I've wasted far too much time on this, and have stopped caring. The fundamental problem is that _something_ is downloading debathena's InRelease? file instead of its Release file (although naming it as the Release file in /var/lib/apt/lists). I'll note that the upgrade from Lucid to Precise goes across a version where support for InRelease? became a thing. If people encounter this in the wild, I'm going to tell them to add this to /etc/update-manager/release-upgrades.d/debathena.cfg and move on with their lives:

[Distro]
AllowUnauthenticated=yes

(and then delete it after the upgrade)

comment:9 in reply to: ↑ 8 Changed 12 years ago by kaduk

Replying to jdreed:

[Distro]
AllowUnauthenticated=yes

(and then delete it after the upgrade)

I'm not super-happy about that, but don't really have a better alternative handy. Would you be willing to suggest a new install instead of upgrading, if appropriate for the user's use-case?

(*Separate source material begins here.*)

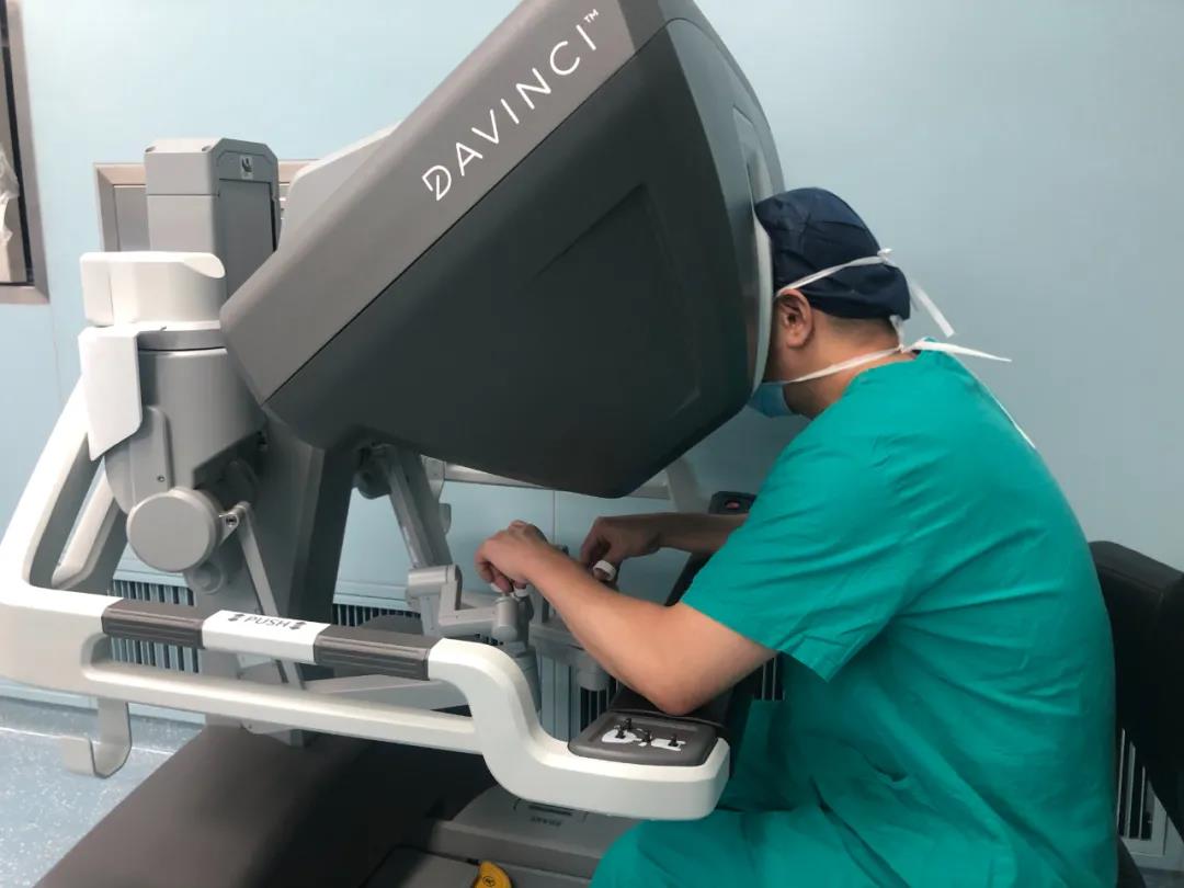 而它的一舉一動,都在主刀醫生鄒奇飛的操控之下。離手術臺一米遠的地方,鄒奇飛正通過操作平臺操控著這臺第四代達芬奇手術機器人。手術耗時約2個小時,這也是嘉定首例由第四代達芬奇手術機器人輔助實施的真正意義上的智能化手術。

comment:10 Changed 12 years ago by jdreed

Yes, this would be a last resort. But geofft also said he'd poke at it if I gave him a broken VM, which I will do later.

comment:11 Changed 12 years ago by jdreed

A borked VM (NAT, 1G RAM, 20G disk) is available here:
 http://loop.mit.edu/borked.tgz (1.2GB)

Steps to reproduce:

  • install from ubuntu-10.04.4-desktop-amd64.iso
  • apt-get update && apt-get dist-upgrade
  • reboot
  • wget http://debathena.mit.edu/install-debathena.sh
  • sudo sh install-debathena.sh
  • select standard, no extra-software
  • do-release-upgrade
  • shutdown VM
  • tar up VM directory

comment:12 Changed 12 years ago by jdreed

I wonder if less dumb solution is for debathena to temporarily stop using InRelease? files (can we do that?).

comment:13 Changed 12 years ago by jdreed

  • Status changed from accepted to closed
  • Resolution set to fixed

"Fixed" by adding a RewriteRule? that denies any InRelease? file to any user-agent that appears to be the broken version of APT. I don't know what the upstream bug is, and don't really care at this point.